17) タラウドキシタアゲハ (Sp. dohertyi (Rippon, 1893)3) [♂, ♀]
= vordermani (Snellen, 1895)5) [♂,♀](Talaud島)
(分布)INDONESIA [N. Sulawesi] Talaud諸島 (Karakelong島, Salibabu 島, Kaburuang島), Sangihe諸島 (Sangihe島)。 [分布概念図 36], [分布図150]
(垂直分布)低地(詳細は不明)。
(発見と原記載のエピソード)1892年2月から3月にかけ、タラウド諸島でDoherty(種名は彼に献名されたものである)がはじめて採集した標本を、Elwesの好意でRipponが譲り受け、その翌年の1893年新種として記載した。
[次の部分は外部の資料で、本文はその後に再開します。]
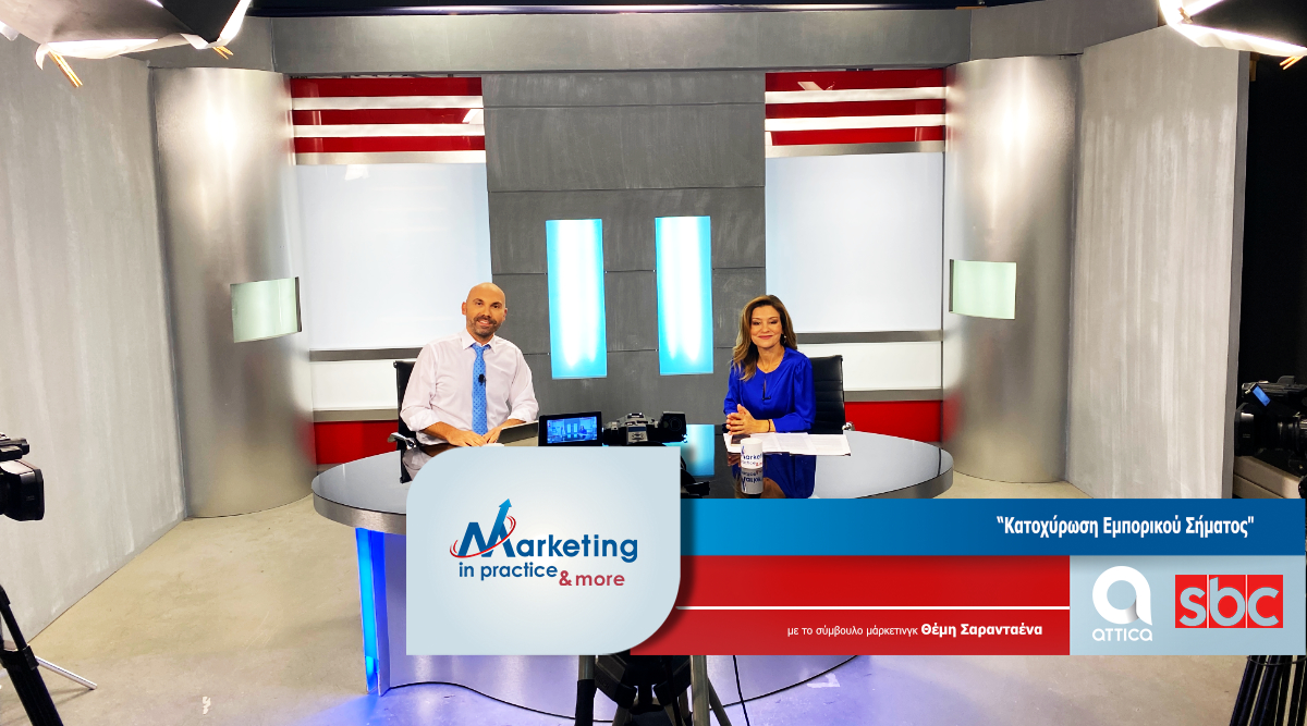 Στο νέο επεισόδιο της τηλεοπτικής εκπομπής Marketing in Practice o σύμβουλος μάρκετινγκ Θέμης Σαρανταένας με καλεσμένη στο studio του Attica TV/SBC TV Channel την Δικηγόρο Διαμεσολαβήτρια Νανά Παπαδογεωργάκη, συζητούν για την ανάγκη αλλά και την διαδικασία κατοχύρωσης του Εμπορικού Σήματος (Λογοτύπου) μιας επιχείρησης.

その序文に「この種は移行型と考えられるため系統発生学的には非常に興味がある」と述べている。
(特徴)Talaud-Sangihe諸島に限って生息する特産種。黄金斑がない唯一のキシタアゲハとして知られている。本種はフィリピンキシタアゲハ(T. rhadamantus )の近似種で、以前はその亜種として取り扱われたこともある。
(斑紋)♂:前・後翅の翅頂は尖り、近似種のものに似る。前翅は光沢がある黒色で、第2-9脈までの翅脈条が透けて見える。後翅も黒色で光沢があり無紋。裏面では、前翅の第2-9脈には灰色の翅脈条があり、後翅では無紋のものや第2室から亜前縁室の亜外縁に、次第に小さくなる黄色い翅室斑があるが、その大きさや数は個体差がある。頸部・側胸部には紅毛がある。腹部の上面は黒色で、下面は黄白色である。
♀:前翅の翅頂および後角は丸味を帯び、後翅の外縁は波状の凹凸がある。前翅は濃褐色で、中室端と第2- 9脈まで淡い不明瞭な灰色の翅脈条がある。中室先端はM字状、第2脈に沿う翅脈条は中室に達しない。後翅の色は前翅より濃く、中室を中心に汚黄白色をした極小さい斑紋があるものから無紋のものまで個体変異が著しい。腹部の上面は黒褐色、腹面は黄土色と黒色の縞模様。
(変異) ♂-f. fasciculatus Lathy, 18991): (前翅の斑紋変異) 裏面の灰白色の翅脈条は幅広く、互いに融合して幅広い帯を形成するもの。
♀-f. fasciculatus Lathy, 18991): (前翅の斑紋変異) 翅底部1/3を残し、すべて褐灰色の翅脈条斑で覆われるもの。
♀-f. dohertyi (Rippon, 1893)3): (後翅の斑紋変異)翅室斑が存在するもの。(正常型)。
♀-f. vordermani (Snellen, 1895)5) (=futura Rumbucher & von Knötgen, 19994)): (後翅の斑紋変異)翅室斑を欠如するもの。
(食草)タガラウマノスズクサ (Aristolochia tagala ), ウミベノウマノスズクサ (A. gaudichaudii )2)。